Absolutely. Studies show blood sugar peaks within 30 minutes of eating plain sabudana. Its refined starch lacks fibre, so enzymes break it down rapidly. Pairing it with fat (ghee), acid (lemon), or protein can slow this—but doesn’t stop it entirely. Test your sugar 1 hour after eating to see your personal response.

Is sabudana good for diabetes management?

No. While it’s gluten-free and fat-free, its extreme carb density (88g/100g) and near-zero fibre make it poor for diabetes. Occasional small portions during festivals are acceptable with precautions, but daily use or large servings worsen blood sugar control. Choose kuttu or sama rice instead.

What is the glycemic load (GL) of sabudana?

Per 30g serving of raw sabudana (cooked to ~100g), the glycemic load is 22—classified as high. This means even moderate portions significantly impact blood sugar. Adding vegetables and peanuts can lower GL to around 14 (medium) by slowing digestion.

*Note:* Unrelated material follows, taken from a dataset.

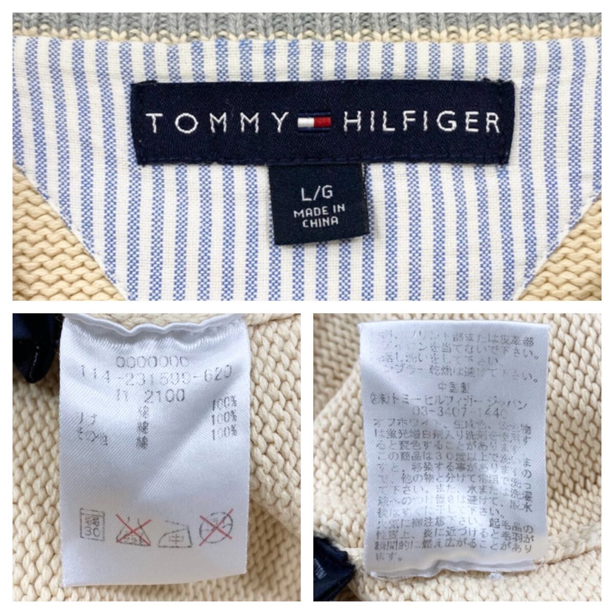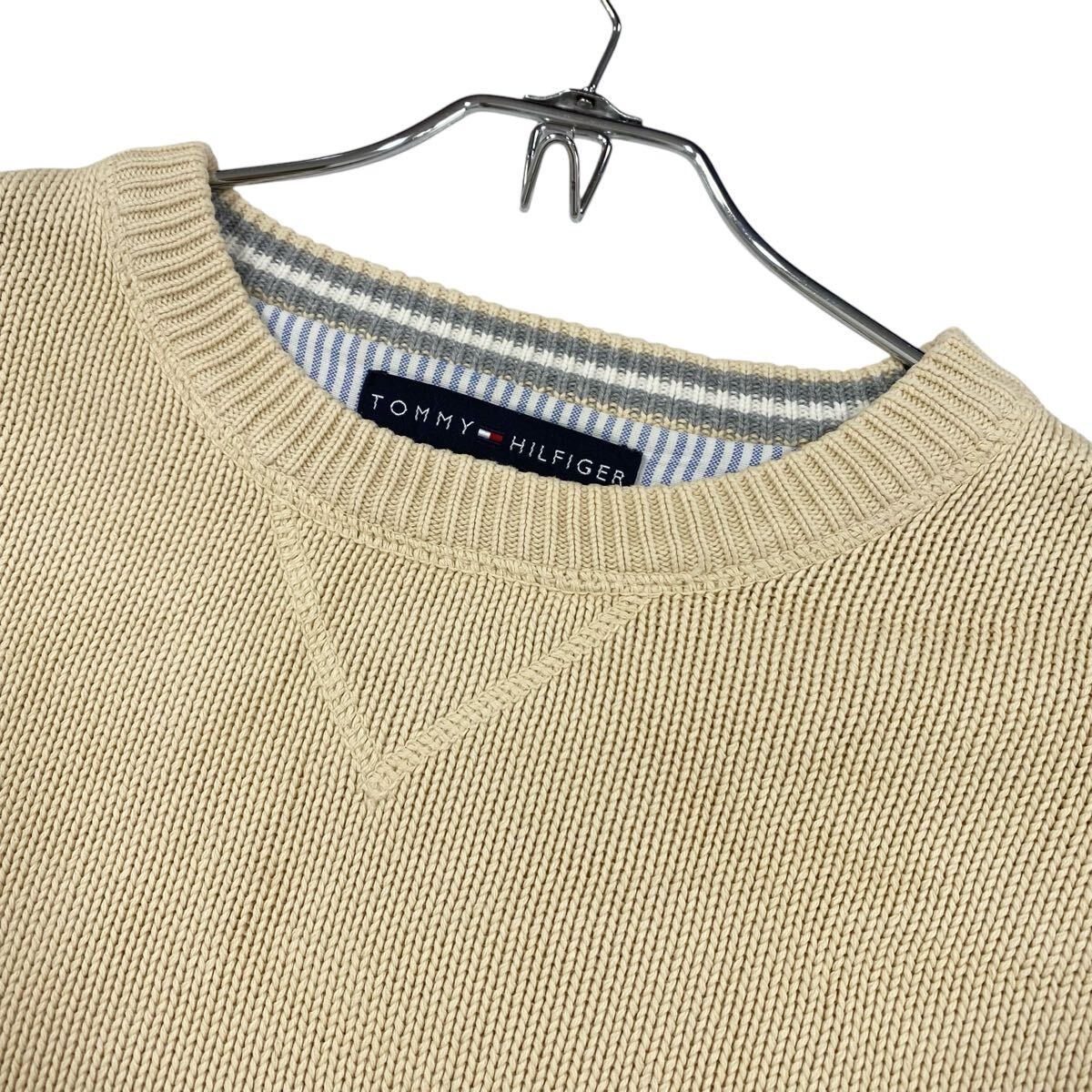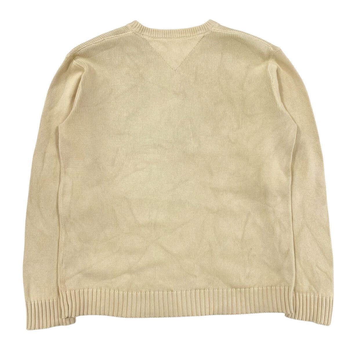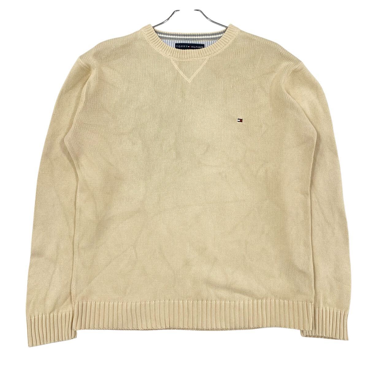 【TOMMY HILFIGER(トミーヒルフィガー)ニット セーター コットンニット 刺繍ロゴ メンズL ベージュ系】

How many carbs are in 100g of cooked sabudana?

Approximately 30g net carbs per 100g cooked sabudana. However, typical servings are larger—a single plate of khichdi may contain 50–60g cooked sabudana, delivering 45g+ carbs. For perspective, that’s equal to three slices of bread.

Which is worse for diabetics: sabudana or white rice?

Both are high-GI, but sabudana is often riskier because:

  1. Fasting portions are larger (people eat bowls of khichdi, not rice).
  2. Recipes add sugar/potatoes, doubling carbs.
  3. It has even less fibre than white rice. Brown rice or millets are safer than either.

How many calories and protein does sabudana have per 100g?

Raw sabudana has 350 calories and just 0.2g protein per 100g. It’s almost pure starch. Even after cooking, 100g yields 100 calories but negligible protein. For protein needs, pair it with dahi, peanuts, or sprouts—but never rely on sabudana alone.